The belief is not one ordinarily accepted by other members of the person's culture or subculture (e.g., it is
not an article of
religious faith)."
I'm going to try and make this all as painless as humanly possible; hopefully validating both sides of the court: the believers vs. the unbelievers.
There is a difference between neurosis and psychosis.
Is mankind capable of engaging in mass delusion? Yes. Anyone who remembers "War of the Worlds" or Bigfoot, etc., knows what a mass delusionary state is. However, when we are talking about psychiatric delusional states as they pertain to religious content within the delusion, we are implying that the belief is pathologically based; meaning that it stems from some sort of illness. Unless we are prepared to enter into the dicey territory of declaring every single believer on this forum and in the world at large "mentally ill" then I think this whole topic needs to be seen in the context in which it exists.
Culturally engendered beliefs are NOT delusions. They are not delusions because they fail to meet the psychological criteria. -And that includes religion, folks. Just as Jasper's attempted to address the nature of delusional states, on the other side we have equally esteemed psychoanalysts arguing for the nondelusional aspects of religious belief. Freud, Jung, Erikson, Maslow, et al all attempted to define what religious belief is and what role it plays in mankind's psyche.

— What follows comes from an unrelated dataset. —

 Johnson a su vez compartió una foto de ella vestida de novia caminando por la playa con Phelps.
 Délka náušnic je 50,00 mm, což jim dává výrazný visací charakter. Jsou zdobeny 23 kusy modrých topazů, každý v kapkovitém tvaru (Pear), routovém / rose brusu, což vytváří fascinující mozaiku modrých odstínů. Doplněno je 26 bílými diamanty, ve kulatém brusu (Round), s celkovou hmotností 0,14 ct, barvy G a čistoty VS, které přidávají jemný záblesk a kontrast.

As I have said before, there is a difference when it comes to truly relgious delusional states, and the beliefs of the "masses." If I have ten psychotic patients in a group, all of whom are experiencing religious delusions, they are not able to enter into on another's delusion. That's important. In contrast, if I have ten nonpsychotic believers in my group, they are able to engage with one another and carry on a meaningful converstation about god. Some of you would call it Bible study, or a prayer group, or just posting on this forum. It does
not rise to the level of a psychiatric delusionally based state.

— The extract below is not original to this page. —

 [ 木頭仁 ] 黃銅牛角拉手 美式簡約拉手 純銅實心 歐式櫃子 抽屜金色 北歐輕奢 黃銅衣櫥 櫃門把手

When I was trained, the emphasis was mostly on the bio-psycho-social aspects of patients. That's changed over time, to the point that we now include the spiritual apsects of our patients and human beings in general. Consider Maslow's hierarchy. Self actualization is on the top rung. The same holds true for Erikson. (Although only 2 percent of the population supposedly make it that far.) There are those theorists that would say that for a human being to be fully "mature" that there is necessarily implied some sort of spiritual element/aspect to their personality or nature. Relgious belief is not pathologized in the world of psychiatry/psychology. There is a difference between the patient I see every week who believes that God sent him "religious creatures" in a dream, and as a result, went to church in order to ask God whether He had sent the "creatures" for purposes of good or evil, and the patient who sits in my office telling me that their belief in God is one of the things that helps sustain them. June takes
both seriously, with equal amounts of validation and respect.

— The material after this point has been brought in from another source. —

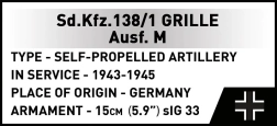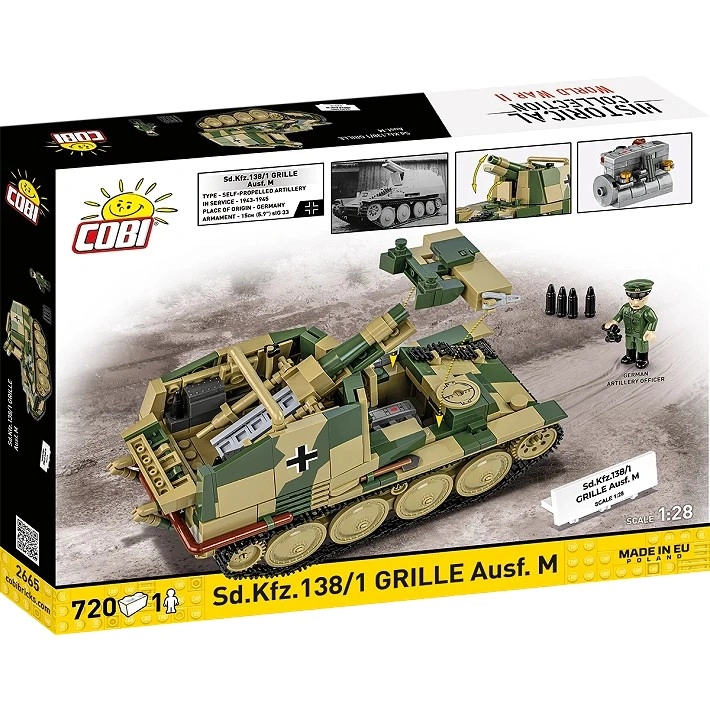 Odkryj legendarną „Wesz/Grille”, działo samobieżne oparte na podwoziu Panzer 38(t), w precyzyjnym wykonaniu z klocków COBI. Dokładne odlewy z wysokiej jakości nadrukami, kamuflaż, tabliczka i autentyczne proporcje czynią z modelu atrakcyjny egzemplarz kolekcjonerski i świetną edukacyjną zabawkę konstrukcyjną.

Read about or google "core religious beliefs" or mystical experiences or Maslow, for that matter. Can those experiences be replicated in a laboratory by stimulating parts of a human's brain? -Yes, they can. However, does that necessarily invalidate the reality of what the individual experiences outside of the laboratory, or (more importantly) the meaning that the individual attributes to the experience? I don't think so. Read what William Jame's cites as the criteria for religious experience. Read about what Jung says about spirituality and the collective conscious/unconscious. Or, (for atheists in particular) read what Freud believes religious belief is really all about. Would you prefer to believe that religous belief has it's basis in delusion, or should we all pay more attention to our Oedipal complexes/strivings?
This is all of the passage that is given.